Tuesday, April 9, 2013

Milton Rogovin by J Campbell


ABOUT THIS SERIES

"In 1975 I closed my optometric office in order to do a photo series in the steel mills of the Buffalo area (plus one series in Philadelphia). In this series, I tried, if possible, to film the workers both at work and at home with their families." –Milton Rogovin





ABOUT THIS SERIES

This series portrays miners in ten nations. In 1962, Milton and Anne Rogovin traveled to Appalachia for the first of nine visits. Photographs were taken of mountains devastated by mining operations as well as of miners at their work places and in the neighborhoods where they worked. Milton captured the effects of Black Lung disease and unemployment.

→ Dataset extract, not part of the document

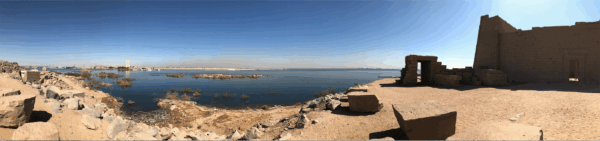 ナセル湖の中の小島にあるPhilae神殿から、アスワンハイダムとソ連の建設記念碑を望む。

In the Family of Miners series, workers were photographed with hard hats and lanterns and coal blackened faces, at rest, in below-ground changing rooms, or on elevators descending into the mines. When not at work, they were photographed at festivals, at local pubs, or at home with their families or with their pets.
At that time, only women in the US were allowed to work below ground. Milton made a special effort to photograph these women. Miners in this series are African, African-American, Hispanic, Asian and white.
After Milton received the W. Eugene Smith Award for Documentary Photography (1983) from the International Center of Photography, he was able to expand his Family of Miners series to include ten nations. Mines were photographed in Zimbabwe (1989), Mexico (1988), Cuba (1984-89), Appalachia (1962-87), Czechoslovakia (1990), Germany (1984), France (1981), Spain (1983), Scotland (1982), and China (1986).